E di minuti, in realtà, la nuova commedia di Michela Andreozzi, Genitori vs influencer, dura ben di più, un’ora e mezza ma poco importa, perché, si, è vero, si tratta del “solito” conflitto generazionale visto decine di volte (come dimenticare Sconnessi, Figli?), della “solita” prosopopea macchiettistica (c’è pure il salotto di Rai uno, Frassica in testa come vicino di casa) del “solito” rapporto tra la generazione Z coi social; eppure, c’è qualcosa in questo film che convince e tutto sommato restituisce, al termine, giunti ai titoli di coda con la classica riappacificazione buonista quella sensazione, appunto di leggerezza, necessaria oggigiorno.
Fabio Volo interpreta un personaggio ancorato al passato (buffo ma così), tal professor Martinelli, vedovo con un figlia a cui badare (Ginevra Francesconi) la quale, crescendo, manifesta sempre più quell’assoluta dipendenza dai social tale da spingerla al desiderio di diventare influencer allo scopo di emulare il suo mito, Ele-O-Nora, interpretata da una ottima Giulia De Lellis che influencer di successo lo è davvero.
Il padre che chiaramente, da boomer (per usare un termine di moda oggigiorno), mal comprende questa “ansia” da cellulare della giovane figlia, un meccanismo psicologico di un like e hashtag a lui alieno, si scontra con la logica vanesia ma chiaramente speculatrice di chi, con questi video ci vive. E anche bene. Ecco quindi che nello scontro, che via via diviene confronto tra due modi di intendere i social, palestra di visi, sguardi, adolescenti e video, chat e dialoghi su hater, insomma, mare magnum di frustrazioni represse che oggigiorno divengono proprio per dirla alla Bauman “liquide”, prive di fondamento ben costituito su cui definire una chiara visione di esistenza futura e la dubbia resistenza di Martinelli che rimarrà invischiato nell’oscura trama sempre più, l’identità diviene costrutto astratto, avatar di una soddisfazione genitoriale da cui si esige più libertà ma al tempo stesso, da cui vorrebbe una maggiore presenza autoriale.
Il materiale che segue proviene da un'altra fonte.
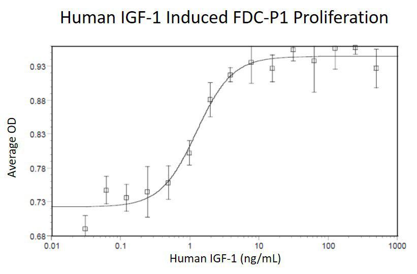 Insulin-like growth factor I (IGF-I) is a growth factor that is produced by the liver. IGF-1 production is stimulated by growth hormone (GH). IGF-I binds the insulin-like growth factor 1 receptor (IGF1R) and the insulin receptor to stimulate systemic body growth. IGF-I is one of the most potent activators of the AKT signaling pathway, which stimulates cell proliferation and inhibits programmed cell death. Mature human IGF-I is 100% homologous to bovine and porcine IGF-1 proteins.
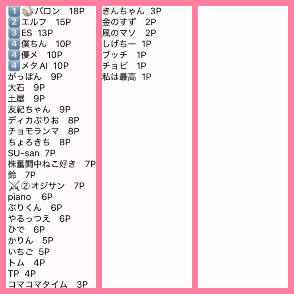 優勝者は10P、、、以下1Pと集計しています。
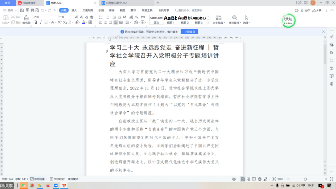 随后,孙一奥同学为参会人员进行了公文写作的相关培训,主要从公文写作的格式和注意点两方面进行讲解。
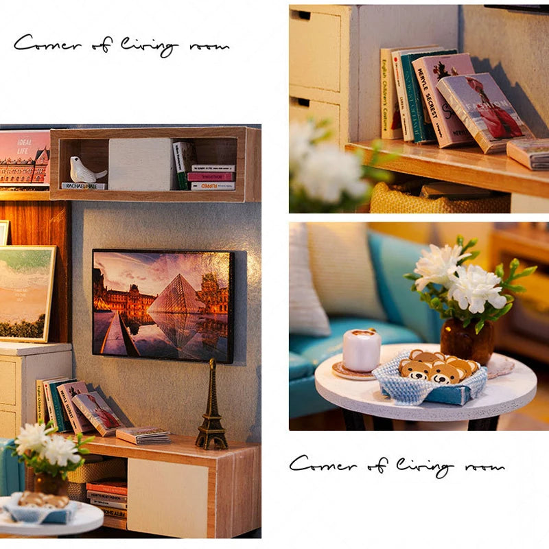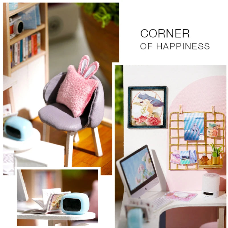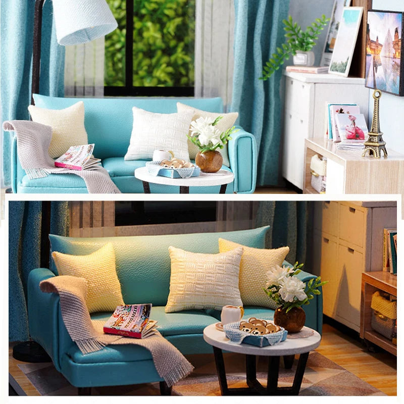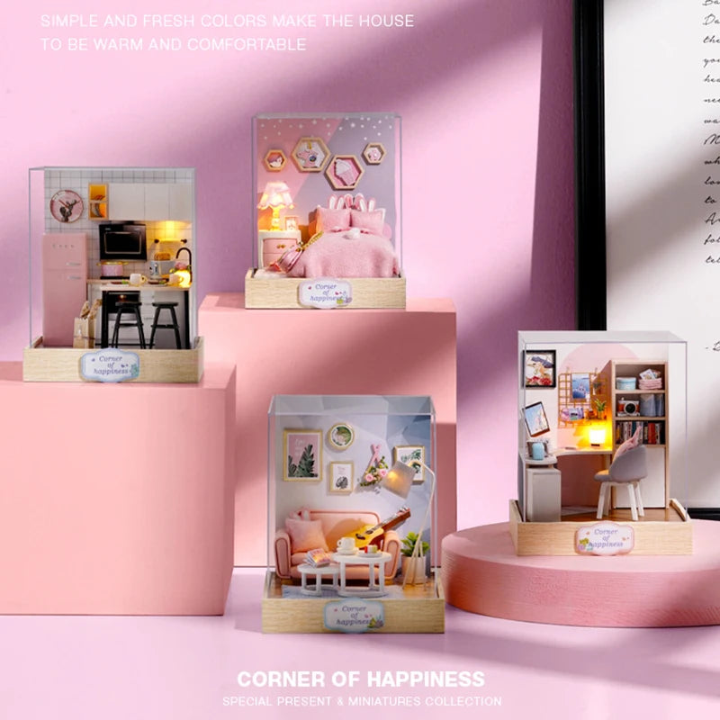 Wooden Mini Miniature Doll House DIY Small House Kit 3D Puzzle Building Assembly House Furniture Toy Children's Birthday Gifts

In questo contesto, Genitori vs influencer, nel virtuale ring tra social e riservatezza (leggasi condizione da sfigato), getta una luce interessante e abbastanza veritiera della situazione adolescenziale, dove gli stessi influencer sono mira di haters (la scena del video di Volo al supermercato, con diramazione sino alla sessualità senza nemmeno capire alla fine di cosa si sta litigando è ben esemplificativa) e coloro che li seguono (non tutti giovani) preda dei social, vengono da essi “abusati” nella degenerazione spinta di foto assai poco caste.
Si sa, questo è abbastanza noto di questi tempo e va dato atto al film dell’Andreozzi di rappresentare un onesto, talune volte superficiale ma riuscito social-film, uno spaccato di commedia generazionale, mai volgare, ma anzi capace di far riflettere, grazie all’empatia di Volo, sul difficile ruolo di essere genitori oggi. Senza la “fatica” (sic) di leggere duecento pagine di romanzo. Di Volo, s’intende.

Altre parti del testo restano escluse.